孙德旺一听军大爷也知道这事儿,立马咧开嘴笑了,露出两排被旱烟熏得焦黄焦黄的牙齿,他兴奋地搓着手,说道:“可不是嘛!军大爷,您老人家想啊,那个什么亲子基地要是真能建起来了,那得有多少城里头的大老板,大干部,带着他们那些金贵的娃儿,跑到咱们这穷山沟里来玩啊?到时候,那些娃儿们,一人买一个您老编的小竹马,小竹蜻蜓,那些跟着来的姑娘媳妇们,一人再捎上一个咱们这儿的小竹篮子,小提包,那咱们这个合作社的竹编,可就不愁卖不出去了!订单还不得到明年,后年去啊?到时候,咱们数钱都数不过来!”
军大爷听了孙德旺这番话,脸上也露出了难得的笑容,眼角的皱纹像一朵盛开的老菊花一样,层层叠叠地绽放开来,他点点头,说道:“嗯,是这个理儿。咱们孙咀村这竹编的手艺,那可是老祖宗一辈一辈传下来的宝贝,金贵着呢!可不能到了咱们这一代,就让它断了根,失了传。付书记这个人,有眼光,知道把咱们这压箱底的老手艺给捡起来,没让它蒙尘。就盼着啊,他说的那个大项目,能早点批下来,早点动工,别光打雷不下雨。咱们这个合作社啊,也得提前做好准备,多找几个手脚麻利,脑子灵光的年轻人来学学,多培养几个徒弟出来,把咱们的产量给提上去。可别到时候人家城里人真来了,指名道姓地要咱们的货,咱们却拿不出来,那可就丢人丢到姥姥家了。”
说到这里,孙德旺脸上的笑容却又像是被谁用手悄悄地抹掉了一样,微微地收敛了一些,眉头也不自觉地蹙了起来,像个解不开的疙瘩。他的语气中,也带上了一丝掩饰不住的担忧:“军大爷,您老说得对,是得提前准备。不过啊,我这心里头,也老是有点不踏实,跟猫抓似的。咱们这个竹编合作社,现在看着是挺红火,大家伙儿也都有活干,有钱赚,但说到底,毕竟还是小打小闹,不成气候。我听付书记那意思,是想把咱们孙咀村,打造成一个集竹编生产、手艺体验、文化展示、产品销售于一体的……叫什么……竹编文化产业园!这个规划,听着是真好,真带劲儿!可您想啊,要建成那么大个产业园,光靠咱们村里这点东拼西凑的积累,那肯定是杯水车薪,不够塞牙缝的。这事儿啊,还得县里头正式立项,给审批,最关键的,是得给政策,给资金扶持才行啊!也不知道县里那帮坐办公室的老爷们,能不能痛痛快快地给咱们批下来,别卡着脖子不放。”

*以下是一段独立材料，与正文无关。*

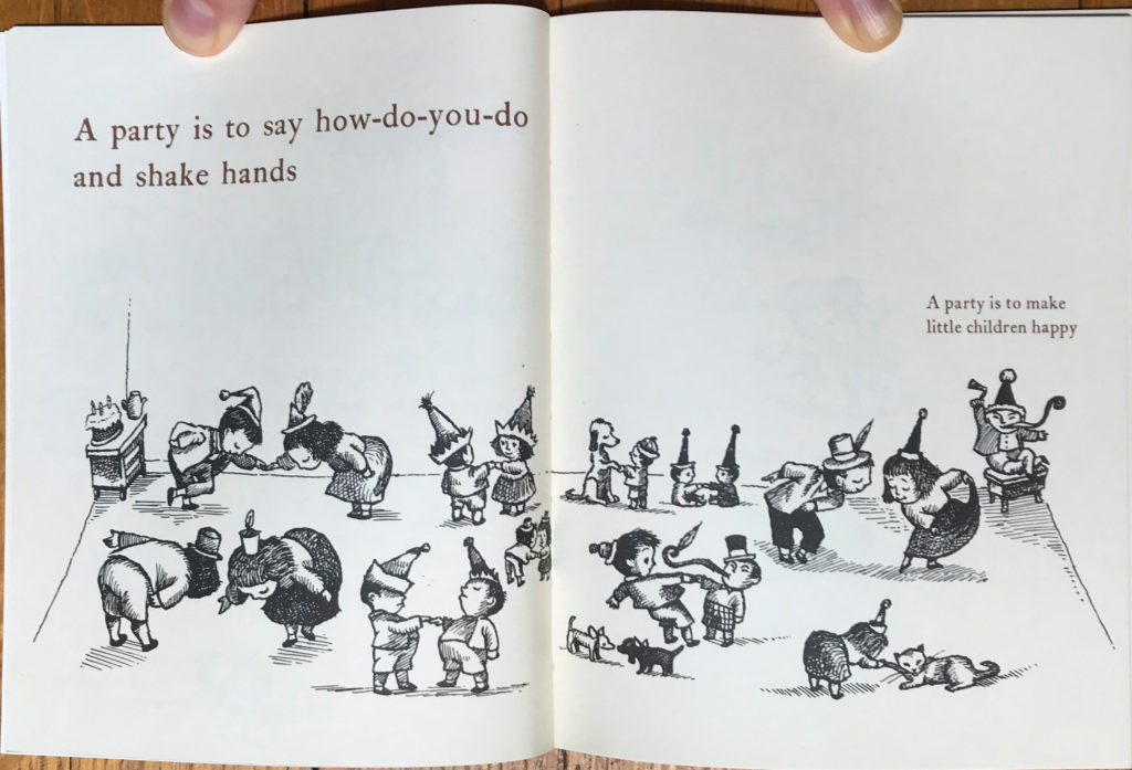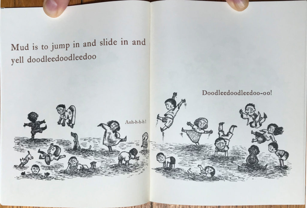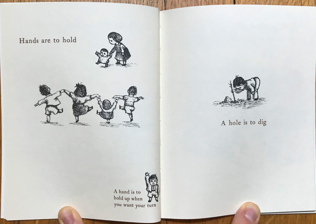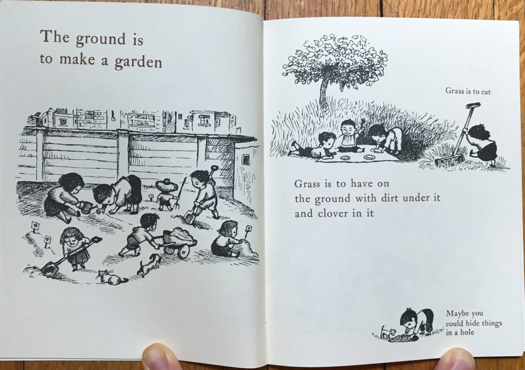 The result is a concept book held together by Sendak’s art and Krauss’s selection and ordering of the definitions. There’s an associative logic to the sequence. On the page before “A hole is to dig,” Krauss offers “Hands are to hold” – the near rhyme of “hole” and “hold” tying them together. On the two-page spread after “A hole is to dig,” she gives us a two-page spread with a series of outdoor activities, including dirt and a hole: “The ground is to make a garden,” “Grass is to cut,” “Grass is to have on the ground with dirt under it and clover in it,” and “Maybe you could hide things in a hole.”

军大爷听了孙德旺的话,沉默了片刻,他那双饱经风霜的眼睛望向窗外那片郁郁葱葱的竹林,轻轻地叹了口气,说道:“德旺啊,这当官的事儿,弯弯绕绕的,咱们这些老百姓,也弄不懂,也掺和不了。咱们啊,就只能在心里头盼着,盼着付书记能多替咱们使使劲,多到上面去替咱们这些泥腿子说说好话,争取争取。咱们这手艺,是金子,是宝贝,只要有人识货,总有它发光的时候。”
阳光依旧明媚地照在孙咀村这个小小的竹编合作社里,竹子的清香依旧在空气中弥漫,但一丝不易察觉的,带着点苦涩味道的忧虑,却已经像水墨画上的淡墨一样,悄然在这些淳朴的匠人心中晕染开来,挥之不去。
跟孙咀村那种带着点手工艺人特有的宁静和专注不同,曹海镇西北方向的八里村,则是另外一番热火朝天,生机勃勃的景象。八里村这地方,地势平坦开阔,不像孙咀村那么多山,而且土壤也特别肥沃,黑油油的,捏一把都能攥出油来。在付平的亲自引导和镇上那个农业技术推广站的技术员们手把手的支持下,八里村这几年大力发展设施农业和有机蔬菜种植,现在已经初具规模,在整个曹海镇都小有名气了。